The annual report on the Spanish property market by real estate market analysts R.R. de Acuña & Asociados has just been released. Considered one of the most influential annual reports on the sector, it’s not hard to see why hard pressed developers, banks, and Spanish property investors might not want to read it this year. It is unremittingly gloomy, especially with regard to the property market in coastal areas, where most holiday homes are concentrated. Long and detailed as the report is, here is a bulleted summary of the main points:
- “There are no green shoots around here,” said Fernando Rodríguez y Rodríguez de Acuña, president of the company, describing the state of the Spanish property market during a press conference introducing the report.
- At end of 2008 the supply of property for sale or under construction was 1,623,042, of which roughly 580,000 were resales, 500,000 newly built but unsold, and 470,000 under construction and nearing completion.
- Annual demand estimated as follows: 233,000 in 2008, and 218,000 in 2009.
- That means there are some 1,6 million homes on the market, whilst demand in the next few years is expected to run at around 220,000 homes. At current levels of demand it will take 6 to 7 years for the real estate sector to recover. So it could take until 2016 for the market to digest the current property glut.
- Looking at the market for holiday homes on the coast, local demand was estimated at 42,000 in 2008, expected to fall to 40,000 in 2009, whilst foreign demand for holiday homes on the coast was 21,000 in 2008, falling to 20,000 in 2009.
- The report singles out the coast as one of the areas with the biggest glut of property, and therefore the biggest problem that will take the longest to resolve.

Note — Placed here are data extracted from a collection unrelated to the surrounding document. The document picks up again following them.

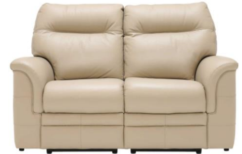
Recliner 2 Seater Sofa AVAILABLE AS MANUAL OR POWER RECLINER H100 x W155 x D100cm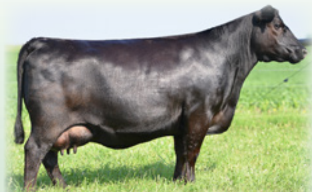
SAV ELBA 110 - This $22,000 daughter of Lot 21 is a maternal sister to Lots 21A-24,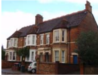
Original clay tile roofs and concrete tile replacement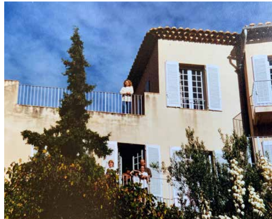
FORMER FELLOWS WITH THEIR FAMILY IN 1996

Animals other than officially registered service animals are not allowed. Fellows are responsible for securing all necessary documents and meeting all standards if bringing a service dog from outside of the country.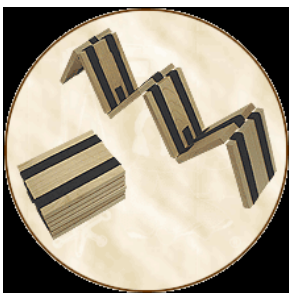
Jacob 's ladder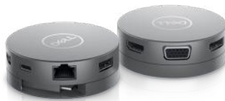
Dell USB-C Mobile Adapter - DA310

Travel light while making a positive impact on the environment by selecting the compact, eco-friendly Dell Premier Slim Backpack 15 (PE1520PS) with EVA foam cushioning to protect your laptop from impact.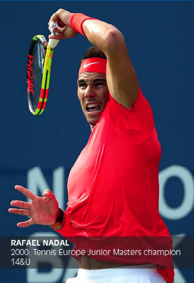
RAFAEL NADAL 2000: Tennis Europe Junior Masters champion 14&U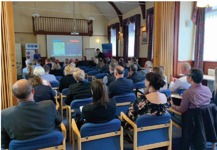
Consultation event with Team Lincolnshire members

The vision for Boston and its Town Investment and projects are the result of extensive consultation and engagement with key cross-sector stakeholders throughout Boston and the region.

- Higher priced market segments are also a problem; more expensive market segments are expected to take more than 6 years to clear, compared to 3 years or less at the cheaper end.
- The only way developers and banks will get rid of the glut of property in the medium term is selling at a loss.
- After falling 1.83% in 2008, overall prices will fall 9.55% in 2009, 9.32% in 2010, and 4.81% in 2011, a cumulative fall of just under 25.5% in nominal terms.
- After falling 3.32% in 2008, coastal prices will fall 11.28% in 2009, 7.98% in 2010, and 4.31% in 2011, a cumulative fall of 27% in nominal terms.
- Housing starts will fall to between 50,000 and 75,000 a year in the next few years, down from more than 700,000 in 2005. “The market situation doesn’t justify more building, and anyway the banks won’t lend money to build something that won’t sell,” said Fernando Rodríguez y Rodríguez de Acuña.
- Thanks to long lead times in the construction business, the full economic impact of the collapse in residential construction is yet to be felt. The darkest hour for the Spanish economy will come in the second half of 2010, when unemployment could reach 25%.
- Developers will go out of business in greatest numbers during 2010 and 2011. “It gets increasingly harder for developers to refinance with assets they either can’t sell or which are already mortgaged, and are increasingly devalued,” said Fernando Rodríguez y Rodríguez de Acuña, who predicts that 75% of developers will be wiped out in the next 5 years by a combination of too much debt, the market slump, and “bad management”.
- Recovery won’t come until 2013, by which time the sector will be just half the size it used to be, if that.